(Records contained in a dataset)

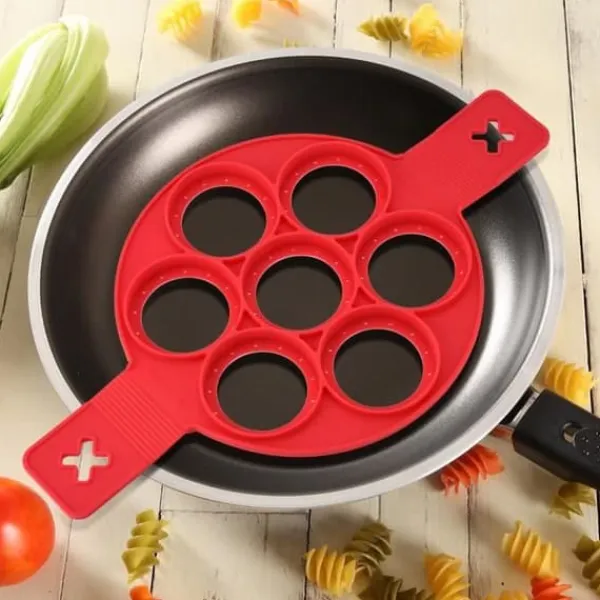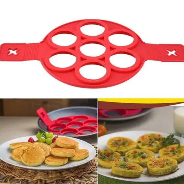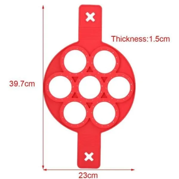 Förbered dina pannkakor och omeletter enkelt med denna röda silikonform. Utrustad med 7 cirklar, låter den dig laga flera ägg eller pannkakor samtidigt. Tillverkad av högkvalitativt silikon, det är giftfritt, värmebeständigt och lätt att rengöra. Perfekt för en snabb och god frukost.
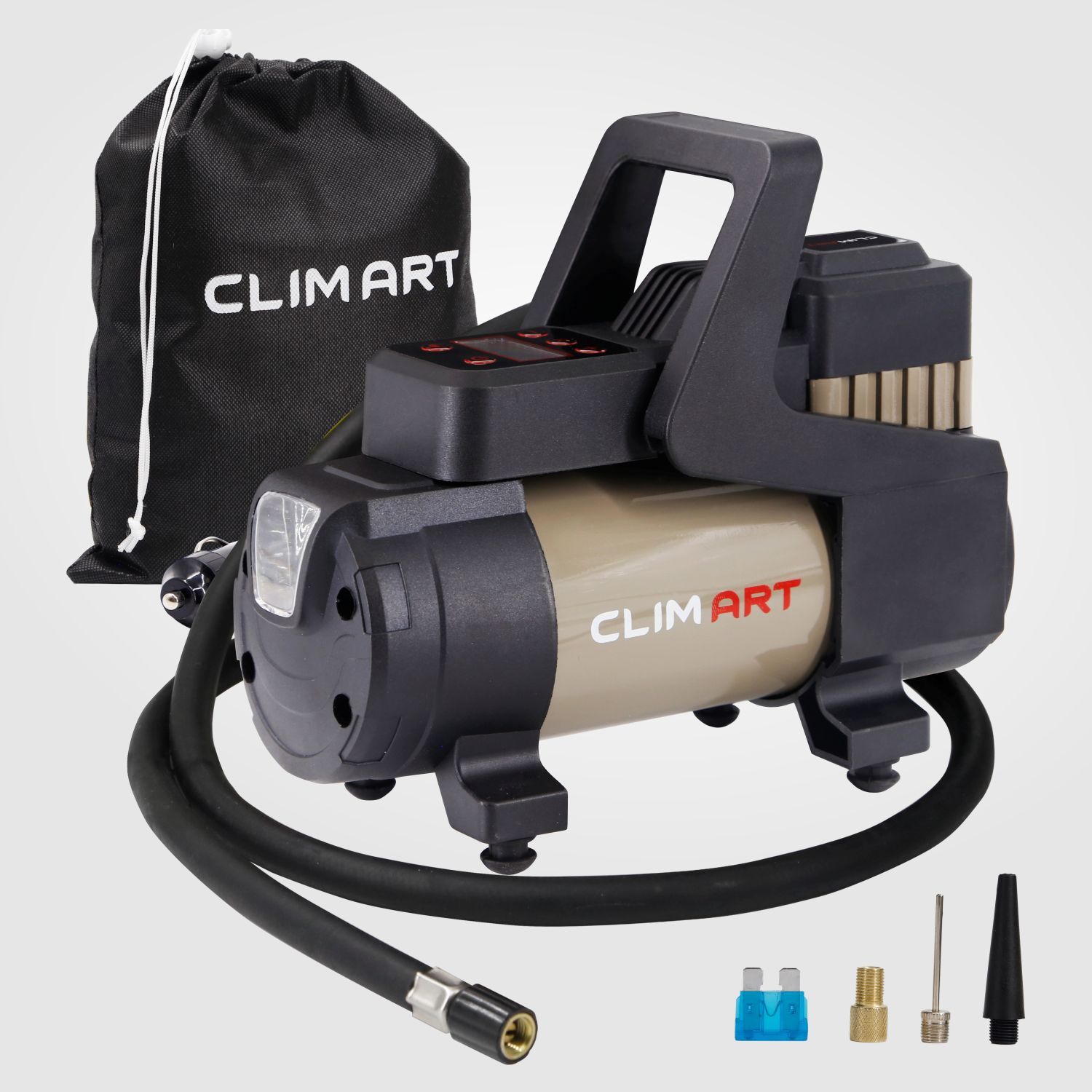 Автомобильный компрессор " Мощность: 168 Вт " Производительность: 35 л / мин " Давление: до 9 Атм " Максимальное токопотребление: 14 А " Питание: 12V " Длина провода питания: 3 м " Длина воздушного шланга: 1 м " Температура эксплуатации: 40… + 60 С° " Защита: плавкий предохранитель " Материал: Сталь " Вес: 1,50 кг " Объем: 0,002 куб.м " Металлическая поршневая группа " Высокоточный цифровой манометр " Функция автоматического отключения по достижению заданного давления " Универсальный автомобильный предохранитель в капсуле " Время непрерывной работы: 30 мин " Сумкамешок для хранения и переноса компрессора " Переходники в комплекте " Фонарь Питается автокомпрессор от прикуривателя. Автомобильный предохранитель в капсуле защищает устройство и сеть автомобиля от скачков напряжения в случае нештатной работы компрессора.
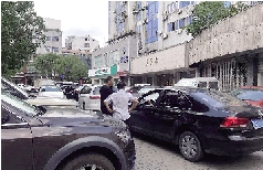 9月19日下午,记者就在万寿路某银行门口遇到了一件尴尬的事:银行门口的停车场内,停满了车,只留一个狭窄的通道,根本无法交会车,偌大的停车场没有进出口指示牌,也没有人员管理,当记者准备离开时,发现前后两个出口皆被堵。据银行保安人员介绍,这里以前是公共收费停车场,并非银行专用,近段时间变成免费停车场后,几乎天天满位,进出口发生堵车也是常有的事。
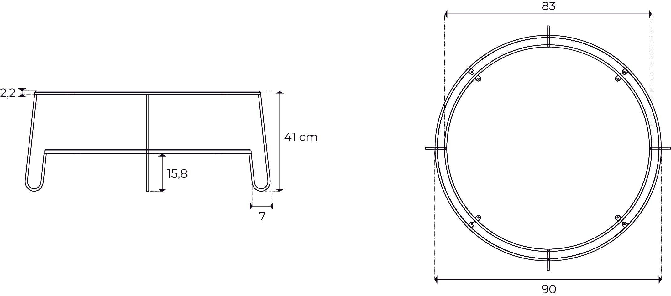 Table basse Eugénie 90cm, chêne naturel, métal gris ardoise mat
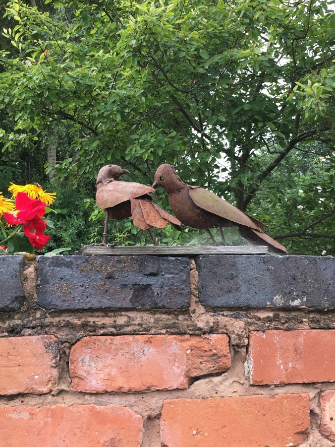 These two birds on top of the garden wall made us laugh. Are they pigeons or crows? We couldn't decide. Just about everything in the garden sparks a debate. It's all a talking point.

:: To do ::
Among the entries above, locate the line with "9月19日下午,记者就在万寿" and the line with "Table basse Eugénie". Give those two lines and all lines between them again, exactly, leaving out the pictures.

:: Task result ::
 9月19日下午,记者就在万寿路某银行门口遇到了一件尴尬的事:银行门口的停车场内,停满了车,只留一个狭窄的通道,根本无法交会车,偌大的停车场没有进出口指示牌,也没有人员管理,当记者准备离开时,发现前后两个出口皆被堵。据银行保安人员介绍,这里以前是公共收费停车场,并非银行专用,近段时间变成免费停车场后,几乎天天满位,进出口发生堵车也是常有的事。
 Table basse Eugénie 90cm, chêne naturel, métal gris ardoise mat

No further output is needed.